Here's Some That Got Away is the second compilation album by The Style Council, released in 1993. As the album cover states, the album contains rarities such as demos and B-sides, many of them previously unreleased. It follows 1992's Extras, featuring rarities by Paul Weller's previous band The Jam. The album is something of a sister album to The Singular Adventures of The Style Council, the band's 1989 singles compilation. The album cover is a photograph showing all four members taken in 1987, an outtake from the photo session producing the US album cover to The Cost of Loving. Other photographs from the session were later used for The Singular Adventures of The Style Council and Greatest Hits. Here's Some That Got Away reached 39 in the UK Album Chart with little promotion.

Track listing
"Love Pains" – 3:20 (Willie Clayton cover)
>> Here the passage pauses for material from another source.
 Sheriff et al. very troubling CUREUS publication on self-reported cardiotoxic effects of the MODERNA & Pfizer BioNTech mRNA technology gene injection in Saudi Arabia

"Party Chambers" – 3:19 (B side of Speak Like a Child)
"The Whole Point II" – 2:49 (B side of Walls Come Tumbling Down!)
"The Ghosts Of Dachau" – 2:47 (B side of Shout to the Top!)
"Sweet Loving Ways" – 3:31 (B side of Life at a Top People's Health Farm)
"A Casual Affair" – 3:24
"A Woman's Song" – 2:31 (Demo version)
"Mick's Up" – 3:09 (B side of Money-Go-Round)
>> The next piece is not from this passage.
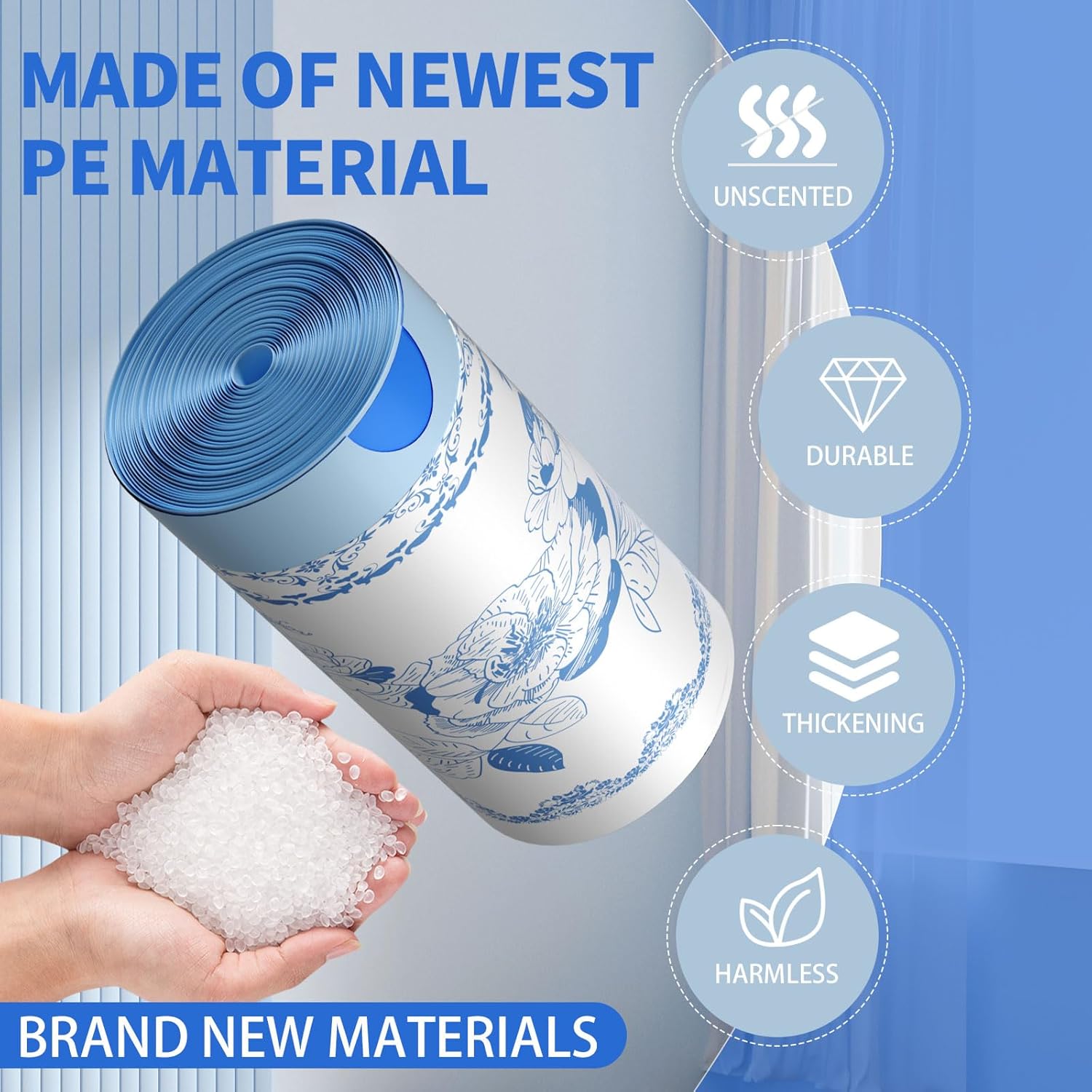 - Unscented and Leak-Proof :Small garbage bags are made of pure HDPE material that do not have any bad odors and are not harmful to your health or the climate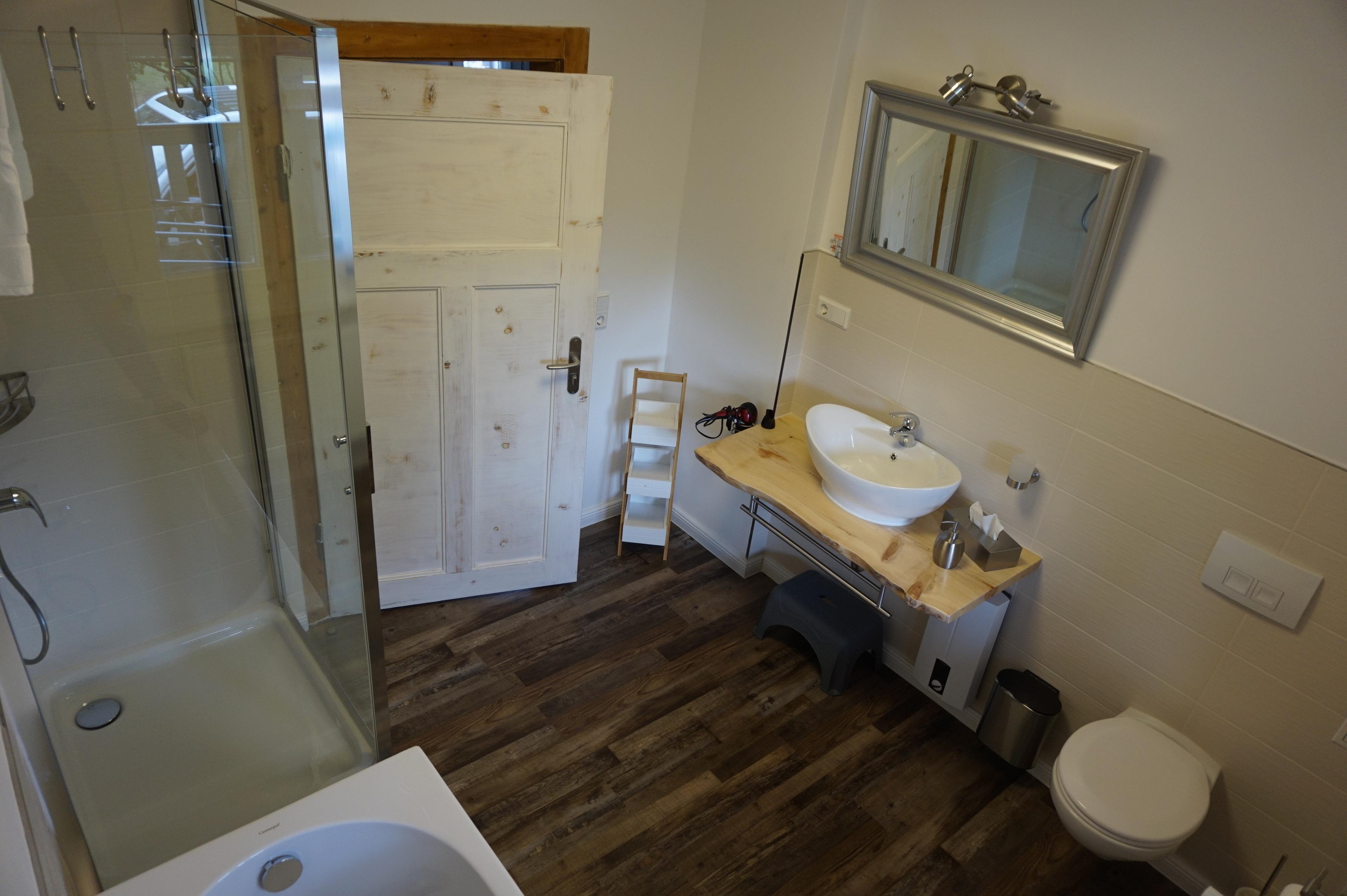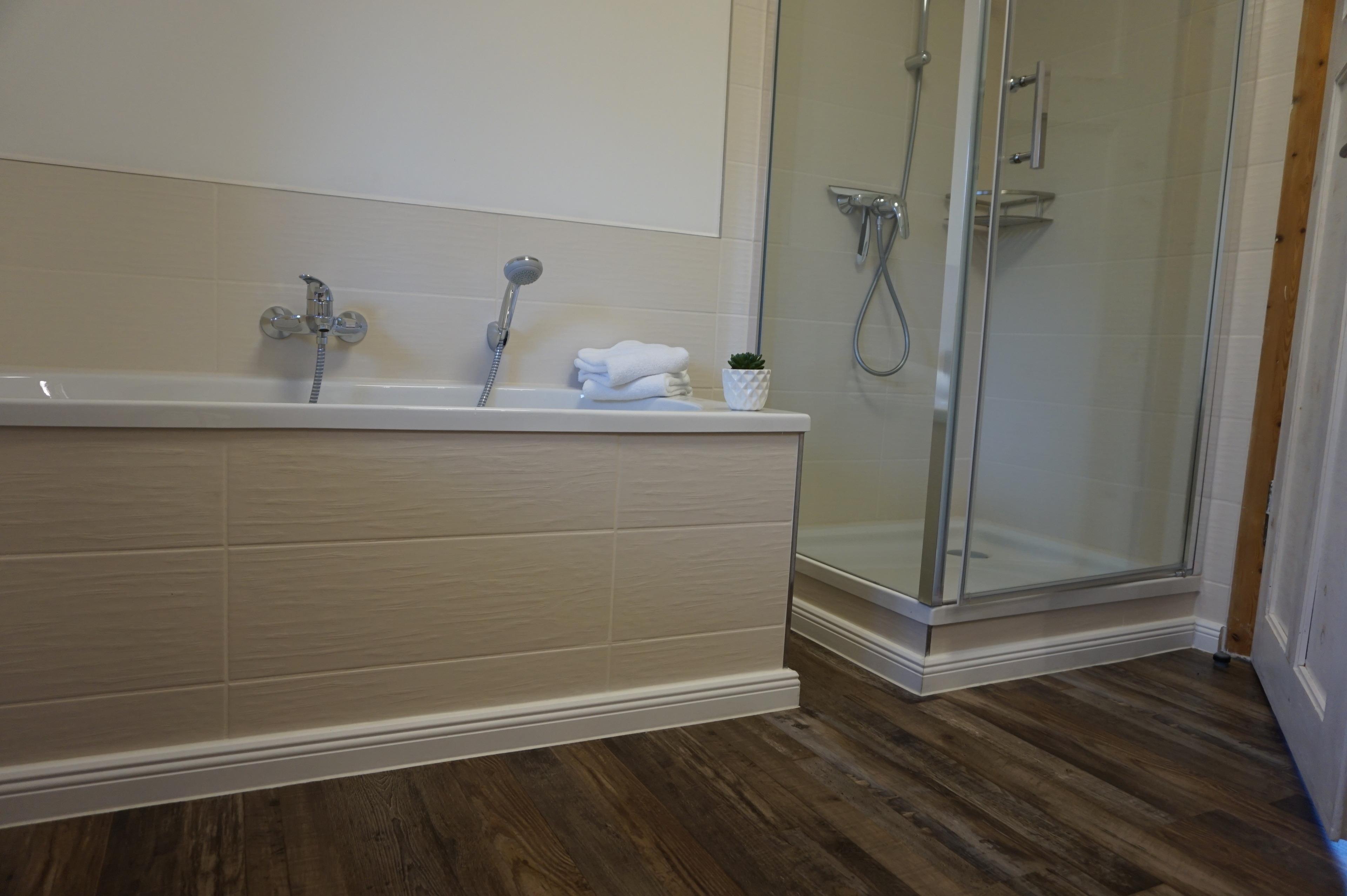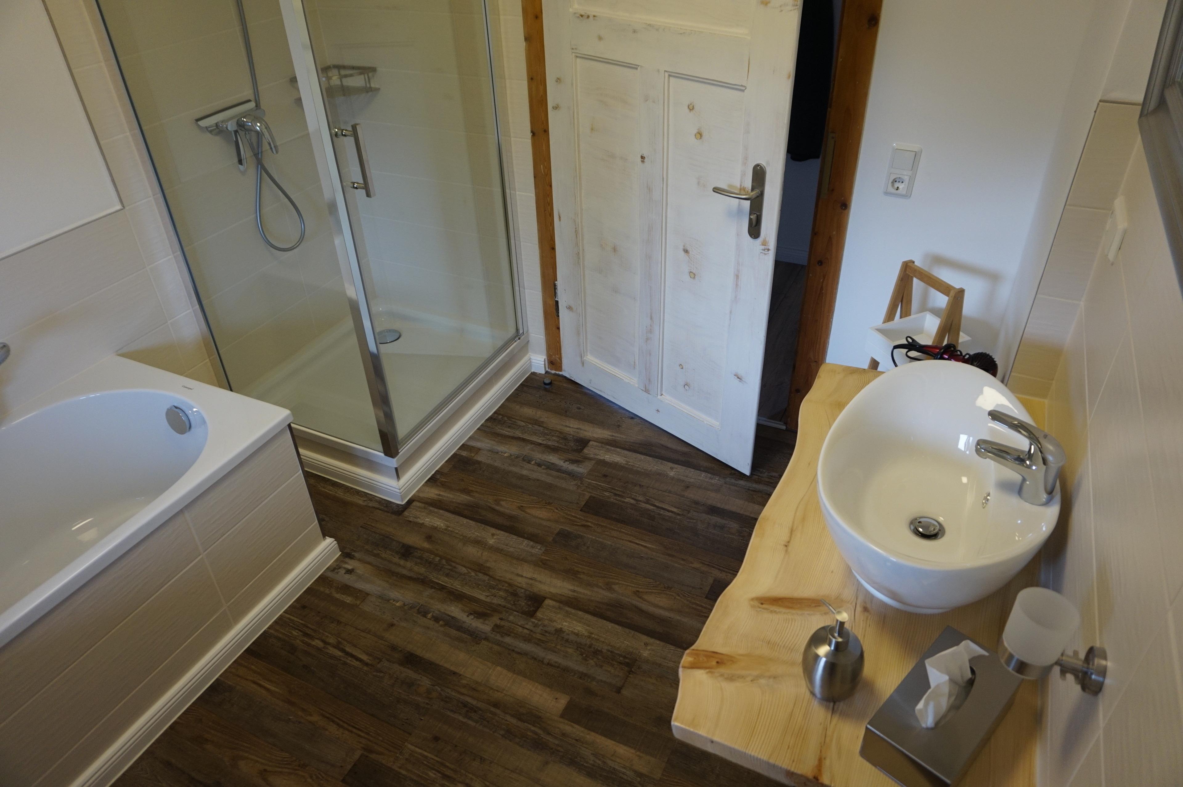 Bad mit Toilette, Waschtisch, Dusche und Badewanne

"Waiting On A Connection" – 3:05
"Night After Night" – 2:58 (David Sea cover)
"The Piccadilly Trail" –3:44 (B side of Shout to the Top!)
"(When You) Call Me" – 2:55 (Demo version)
"My Very Good Friend" – 3:38 
"April's Fool" – 3:01
"In Love For The First Time" – 3:38 (B side of How She Threw It All Away)
"Big Boss Groove" – 4:39 (B side of You're the Best Thing)
"Mick's Company" – 2:48 (B side of My Ever Changing Moods)
"Bloodsports" – 3:33 (B side of Walls Come Tumbling Down!)
"Who Will Buy" – 2:42 (B side of It Didn't Matter)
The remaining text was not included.